What makes mysql create temporary tables on disk?

Page Title Module
Move Remove Collapse
X
Conversation Detail Module
Collapse
  • Filter
  • Time
  • Show
Clear All
new posts

  • What makes mysql create temporary tables on disk?

    I've long suspected that the 'tmp_table_size' setting in mysql does not work, and temporary tables that are clearly going to fit in memory are created on disk anyway. I've just discovered a simple test case:


    SET GLOBAL tmp_table_size=33554432;CREATE TABLE test ( id int(11) NOT NULL, name varchar(512) NOT NULL, description varchar(513) NOT NULL) ENGINE=MEMORY DEFAULT CHARSET=latin1;INSERT INTO test VALUES (1,'a','b');show status like 'cre%';(SELECT name FROM test WHERE id=1)UNION (SELECT name FROM test WHERE id=2);show status like 'cre%';(SELECT description FROM test WHERE id=1)UNION (SELECT description FROM test WHERE id=2);show status like 'cre%';DROP TABLE test;


    The first of these queries that returns the letter 'a' from a varchar(512) column creates the temporary table in RAM, but the second that selects the letter 'b' from a varchar(513) column creates the temporary table on disk. It isn't a limitation of memory tables, as the original table itself is created with that strorage engine, so why does the 1 byte larger column size make mysql think the results of this query won't fit in 32Mb, despite the source table only having 1 record?

  • #2
    We have been recently struggling with disk temp tables as well, and I came across MySQL 5.1 Reference Manual :: 6 Optimization :: 6.5 Optimizing the MySQL Server :: 6.5.8 How MySQL Uses Internal Temporary Tables which lists this related cause for tmp tables going to disk:

    Quote:

    Presence of any column in a GROUP BY or DISTINCT clause larger than 512 bytes


    Apparently, unions will do it too. I think this manual page could use a great deal more work, particularly in the "why" department, but I'll settle for more on the "what". Maybe a comment there on this point would help. Is there anything else you have found related to tmp tables that is not covered on that page?

    Comment


    • #3
      I reported it as a bug, and they said they will update that manual page to include UNIONs, but they were not forthcoming with an answer to "why"

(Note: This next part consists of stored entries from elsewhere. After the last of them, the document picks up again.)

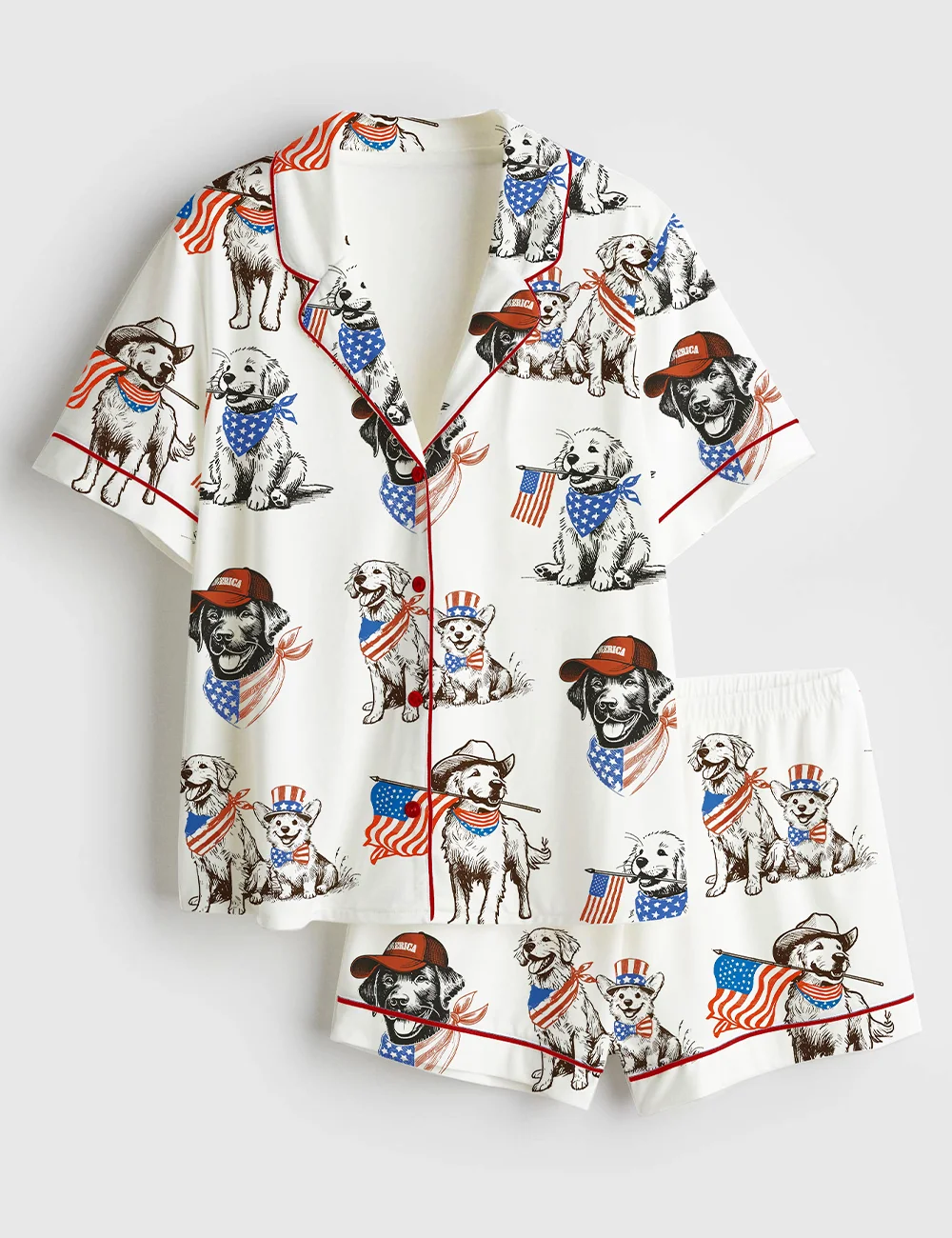 Women’s American Pride Pooch Western Patriotic Dog 4th Of July Print Short Sleeve Satin Pajama Set
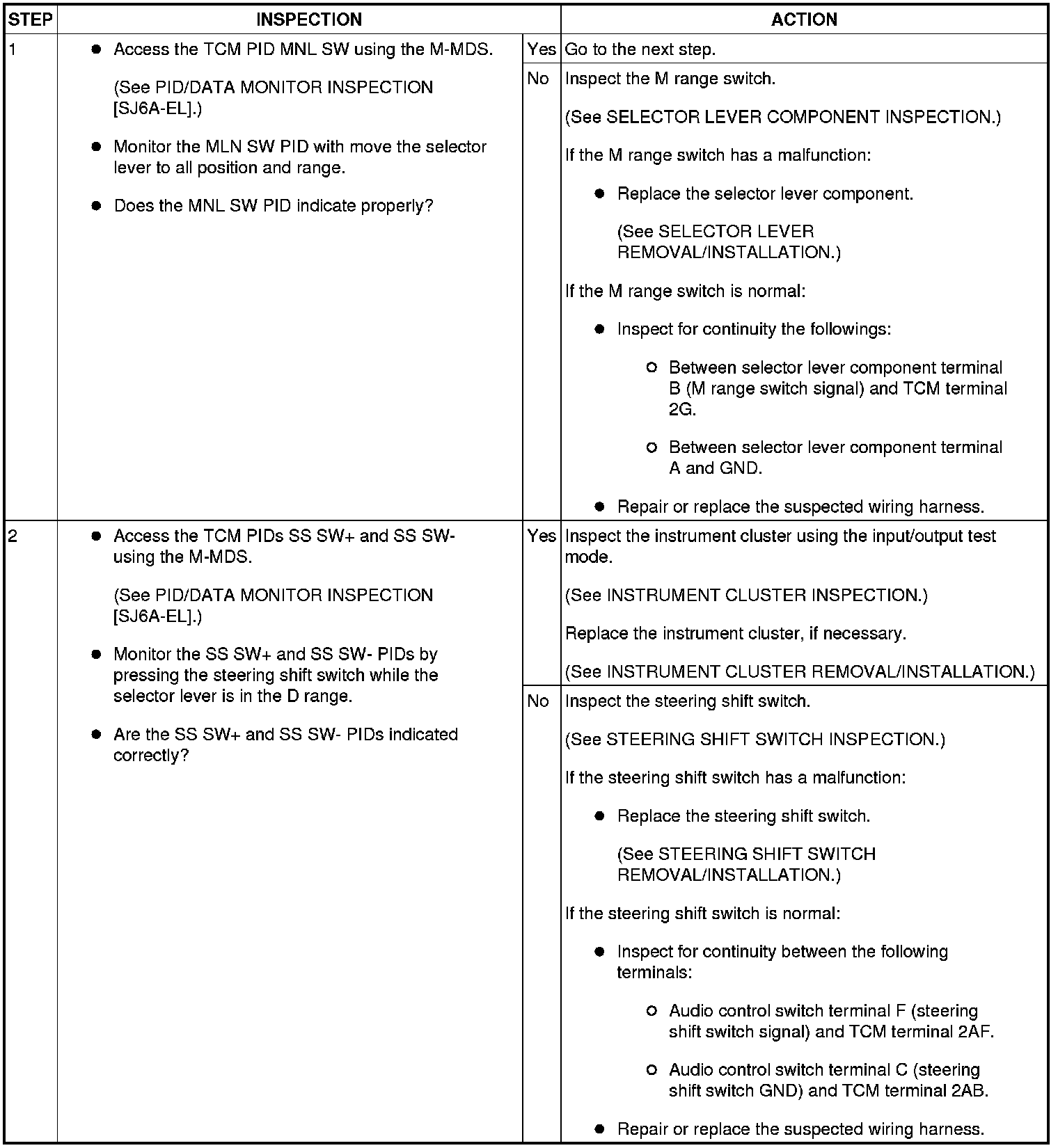 NO.31 M RANGE POSITION INDICATOR LIGHT DOES NOT ILLUMINATE IN M RANGE AND/OR IN D RANGE WITH DIRECT MODE/M RANGE POSITION INDICATOR LIGHT ILLUMINATES IN D RANGE WHILE NOT IN DIRECT MODE [SJ6A-EL]
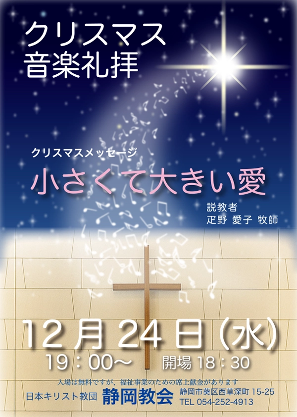 | 水曜日 | 祝福とお祈りの会 (祈祷会) | ①AM 10 : 30 ~ 11 : 00 ②PM 7 : 00 ~ 7 : 30 ※ 7月・8月はお休みです |
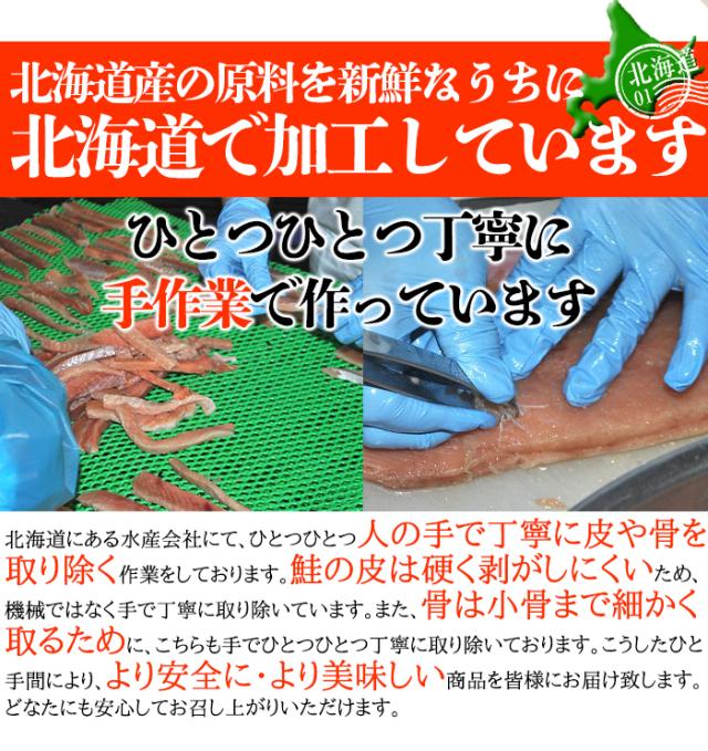 しております。鮭の皮は硬く剥がしにくいため、機械ではなく手で丁寧に取り除いています。
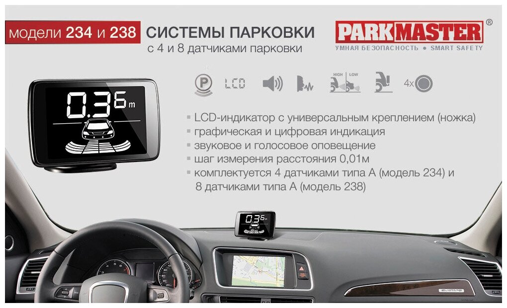 Парковочный радар Parkmaster 234-Silver (4 серебристых датчика, голосовой) информация:
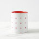 11oz white mug featuring a charming mix of small solid red hearts and hollow red hearts outlined in red, with a matching red handle. Perfect for cozy coffee moments or as a romantic gift.

      Also, the manual is inaccurate - it seems to be 512 characters rather than 512 bytes that is significant. If in my example you declare the character set to be utf-8, then both columns can potentially be more than 512 bytes long, but it is still only the 513 character column that generates a disk table.

      Comment


      • #4
        Very interesting. But isn't UTF-8 still 8 bits per char if you stick to an ASCIIish character set? I.e., I think it only used more than 1 byte for chars outside a certain character set which includes the English stuff, no?

        Comment


        • #5
          The point is it "can" be more than 512 bytes. In the example I gave, the actual content of the table is 'a' in one column and 'b' in the other, so mysql must be basing its decision on the defined column width, not the actual content. Therefore the potential that a 512 character field can be more than 512 bytes means it isn't the byte count that is significant, or there is a bug.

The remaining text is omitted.